## About this exercise
Please write out all the data that follows exactly, without the pictures.
Start of Supplied records
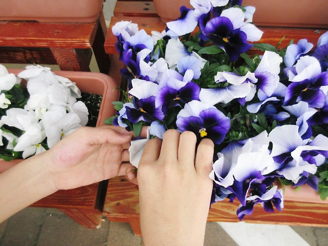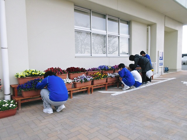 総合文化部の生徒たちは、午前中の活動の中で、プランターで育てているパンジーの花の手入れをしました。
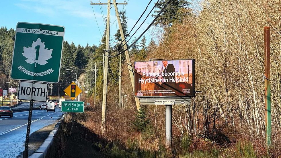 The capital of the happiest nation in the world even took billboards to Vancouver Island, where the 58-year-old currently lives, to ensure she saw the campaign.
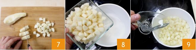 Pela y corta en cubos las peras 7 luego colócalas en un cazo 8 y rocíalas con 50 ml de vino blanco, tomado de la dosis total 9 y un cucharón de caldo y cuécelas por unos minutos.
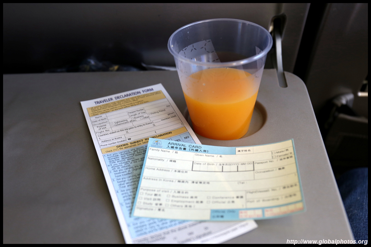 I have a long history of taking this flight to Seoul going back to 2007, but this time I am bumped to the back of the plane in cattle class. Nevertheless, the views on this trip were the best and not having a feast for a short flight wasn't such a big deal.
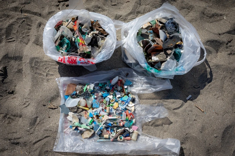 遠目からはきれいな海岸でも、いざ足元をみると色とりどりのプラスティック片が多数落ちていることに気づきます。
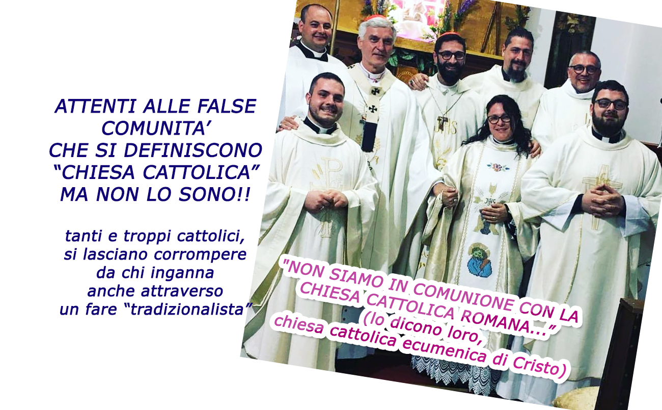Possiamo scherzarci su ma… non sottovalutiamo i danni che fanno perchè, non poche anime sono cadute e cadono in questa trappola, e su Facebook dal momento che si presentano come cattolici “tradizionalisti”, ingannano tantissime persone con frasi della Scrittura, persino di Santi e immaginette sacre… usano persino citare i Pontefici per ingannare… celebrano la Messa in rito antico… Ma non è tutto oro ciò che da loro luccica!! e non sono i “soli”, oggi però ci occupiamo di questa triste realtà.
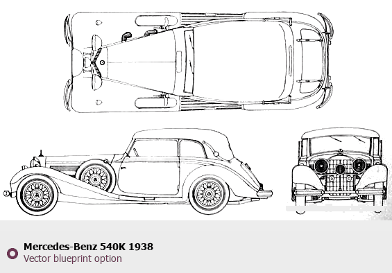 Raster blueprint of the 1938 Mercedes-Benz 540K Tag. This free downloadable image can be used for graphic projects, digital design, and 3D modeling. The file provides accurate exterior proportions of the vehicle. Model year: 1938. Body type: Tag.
End of Supplied records
## Answer for this exercise
 総合文化部の生徒たちは、午前中の活動の中で、プランターで育てているパンジーの花の手入れをしました。
 The capital of the happiest nation in the world even took billboards to Vancouver Island, where the 58-year-old currently lives, to ensure she saw the campaign.
 Pela y corta en cubos las peras 7 luego colócalas en un cazo 8 y rocíalas con 50 ml de vino blanco, tomado de la dosis total 9 y un cucharón de caldo y cuécelas por unos minutos.
 I have a long history of taking this flight to Seoul going back to 2007, but this time I am bumped to the back of the plane in cattle class. Nevertheless, the views on this trip were the best and not having a feast for a short flight wasn't such a big deal.
 遠目からはきれいな海岸でも、いざ足元をみると色とりどりのプラスティック片が多数落ちていることに気づきます。
Possiamo scherzarci su ma… non sottovalutiamo i danni che fanno perchè, non poche anime sono cadute e cadono in questa trappola, e su Facebook dal momento che si presentano come cattolici “tradizionalisti”, ingannano tantissime persone con frasi della Scrittura, persino di Santi e immaginette sacre… usano persino citare i Pontefici per ingannare… celebrano la Messa in rito antico… Ma non è tutto oro ciò che da loro luccica!! e non sono i “soli”, oggi però ci occupiamo di questa triste realtà.
 Raster blueprint of the 1938 Mercedes-Benz 540K Tag. This free downloadable image can be used for graphic projects, digital design, and 3D modeling. The file provides accurate exterior proportions of the vehicle. Model year: 1938. Body type: Tag.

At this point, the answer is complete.